---------- Supplied records

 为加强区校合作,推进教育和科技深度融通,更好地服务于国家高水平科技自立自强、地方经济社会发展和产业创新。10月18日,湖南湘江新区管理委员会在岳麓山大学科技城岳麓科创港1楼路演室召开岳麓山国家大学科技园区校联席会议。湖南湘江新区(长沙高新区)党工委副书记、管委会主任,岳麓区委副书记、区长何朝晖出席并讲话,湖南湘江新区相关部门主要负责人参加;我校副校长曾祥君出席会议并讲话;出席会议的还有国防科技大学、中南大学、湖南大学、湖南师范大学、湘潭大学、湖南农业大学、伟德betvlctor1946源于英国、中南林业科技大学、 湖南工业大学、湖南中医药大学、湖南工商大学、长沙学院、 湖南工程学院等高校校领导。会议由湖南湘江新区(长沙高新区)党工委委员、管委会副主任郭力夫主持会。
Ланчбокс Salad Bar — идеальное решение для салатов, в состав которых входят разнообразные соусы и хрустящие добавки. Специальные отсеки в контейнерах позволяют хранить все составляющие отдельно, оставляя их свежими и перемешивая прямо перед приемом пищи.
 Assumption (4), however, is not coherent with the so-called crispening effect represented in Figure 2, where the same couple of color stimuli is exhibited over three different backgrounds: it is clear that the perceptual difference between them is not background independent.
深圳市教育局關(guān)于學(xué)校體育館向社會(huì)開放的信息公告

--------------------
---------- Supplied records

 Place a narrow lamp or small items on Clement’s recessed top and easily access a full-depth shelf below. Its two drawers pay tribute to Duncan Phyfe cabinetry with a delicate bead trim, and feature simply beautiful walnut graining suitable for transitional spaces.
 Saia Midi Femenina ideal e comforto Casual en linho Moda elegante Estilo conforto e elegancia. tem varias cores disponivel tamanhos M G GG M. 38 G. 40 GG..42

--------------------
---------- Supplied records

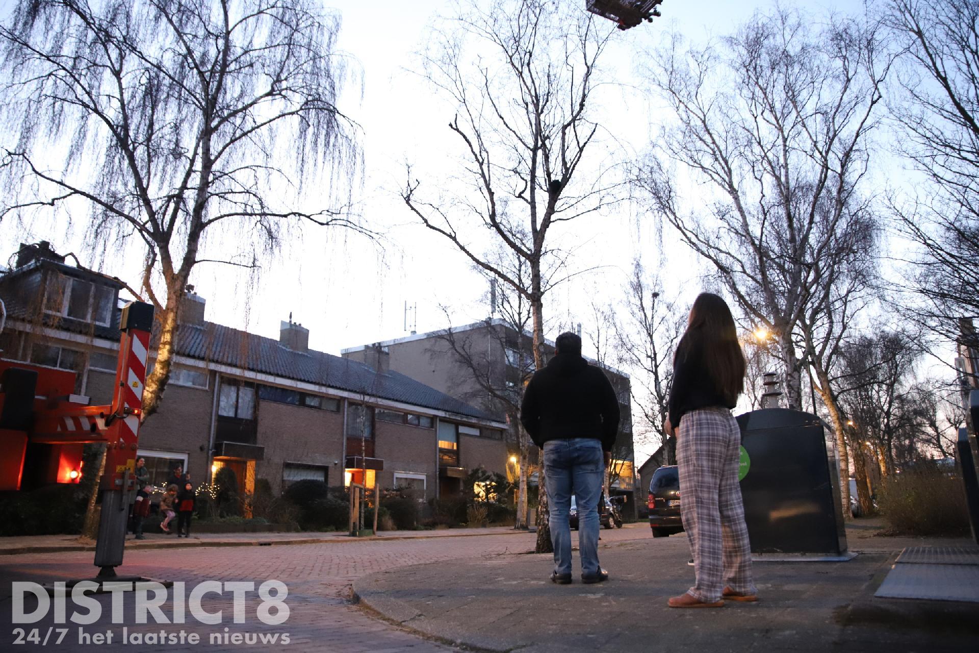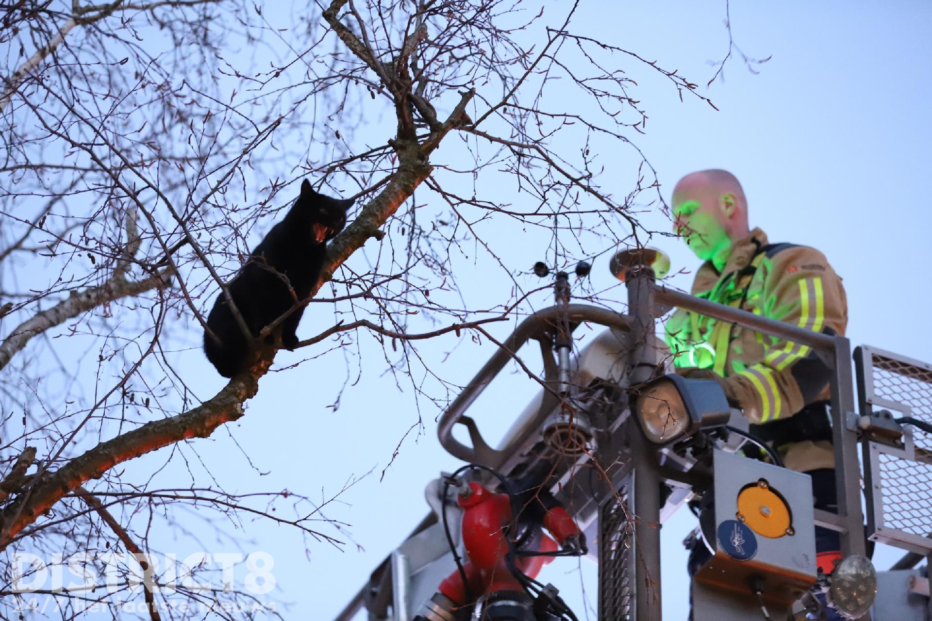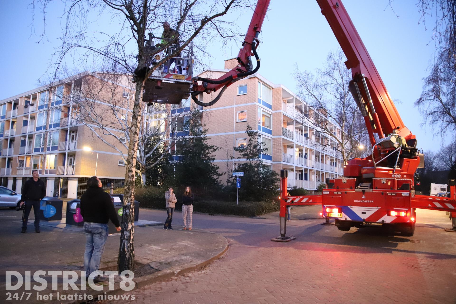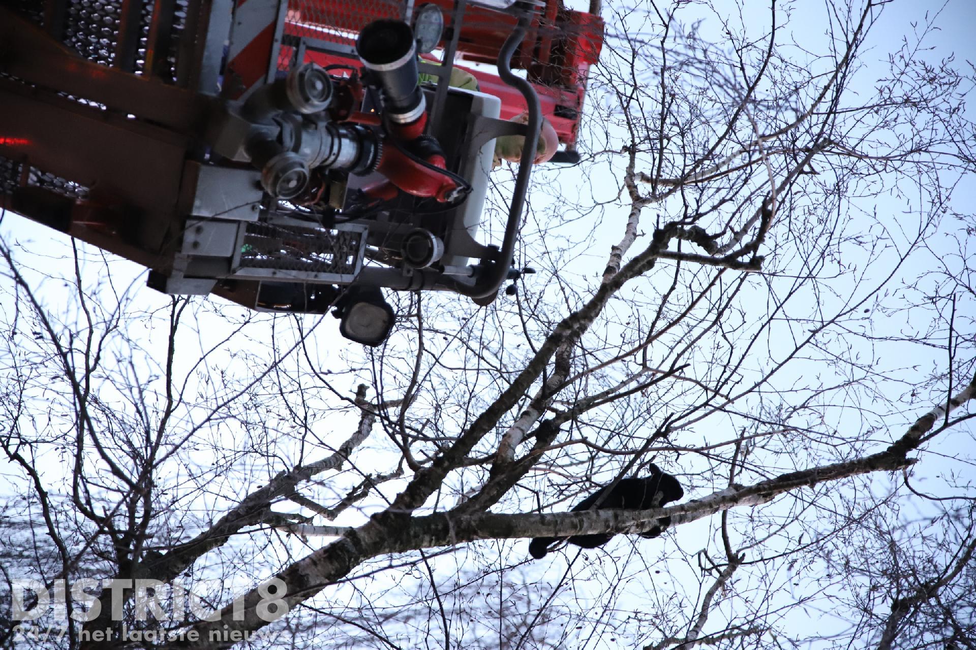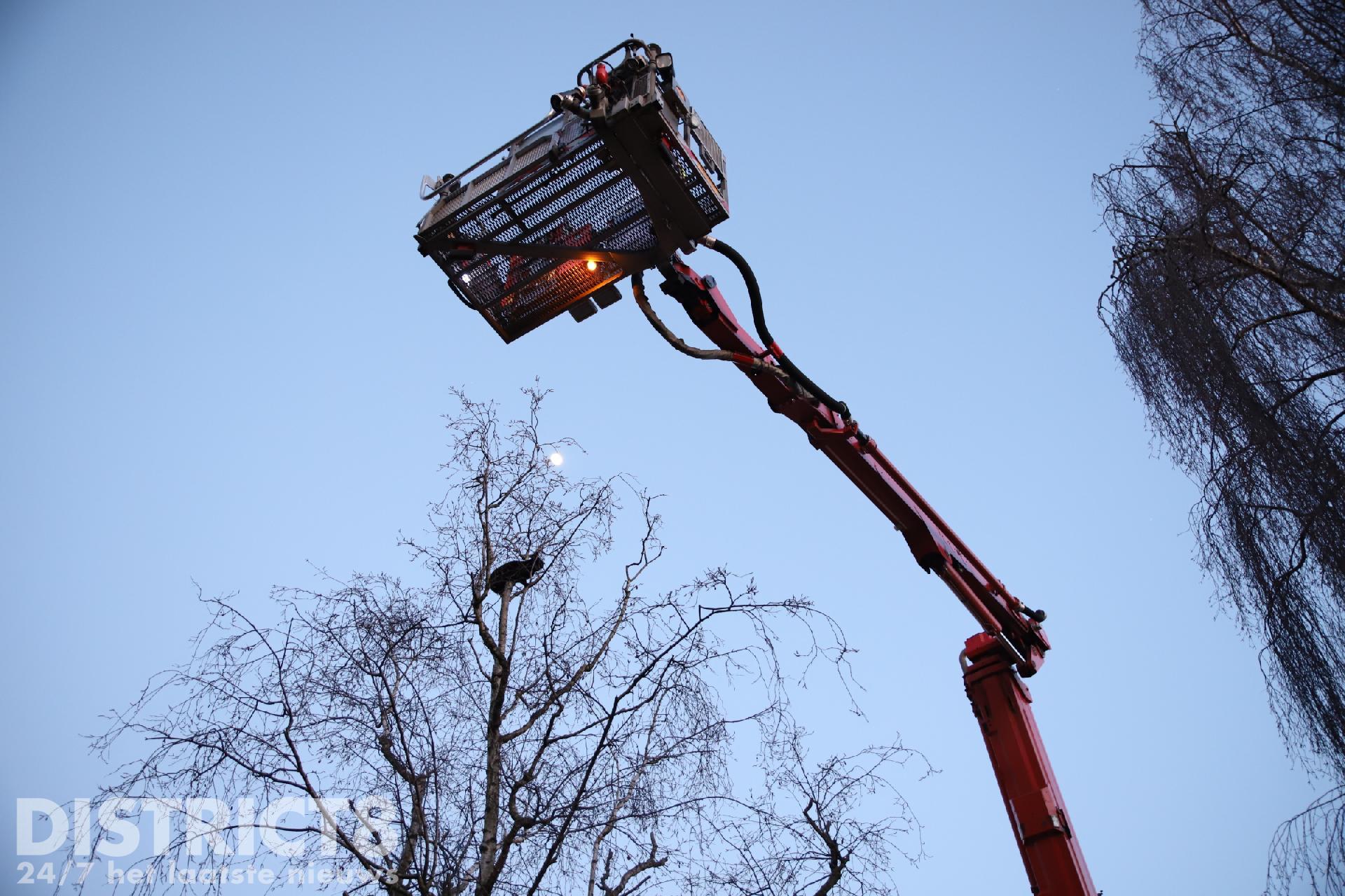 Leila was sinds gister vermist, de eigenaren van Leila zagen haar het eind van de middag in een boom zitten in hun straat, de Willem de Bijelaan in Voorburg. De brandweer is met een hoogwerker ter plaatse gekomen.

--------------------

Could you reproduce exactly the lines of the entries above, from the one with "Ланчбокс Salad Bar" through the one with "深圳市教育局關(guān)于學(xué)校體育館向社會(huì)開放的信息公告", and nothing else?

▸ **Response box**:
Ланчбокс Salad Bar — идеальное решение для салатов, в состав которых входят разнообразные соусы и хрустящие добавки. Специальные отсеки в контейнерах позволяют хранить все составляющие отдельно, оставляя их свежими и перемешивая прямо перед приемом пищи.
 Assumption (4), however, is not coherent with the so-called crispening effect represented in Figure 2, where the same couple of color stimuli is exhibited over three different backgrounds: it is clear that the perceptual difference between them is not background independent.
深圳市教育局關(guān)于學(xué)校體育館向社會(huì)開放的信息公告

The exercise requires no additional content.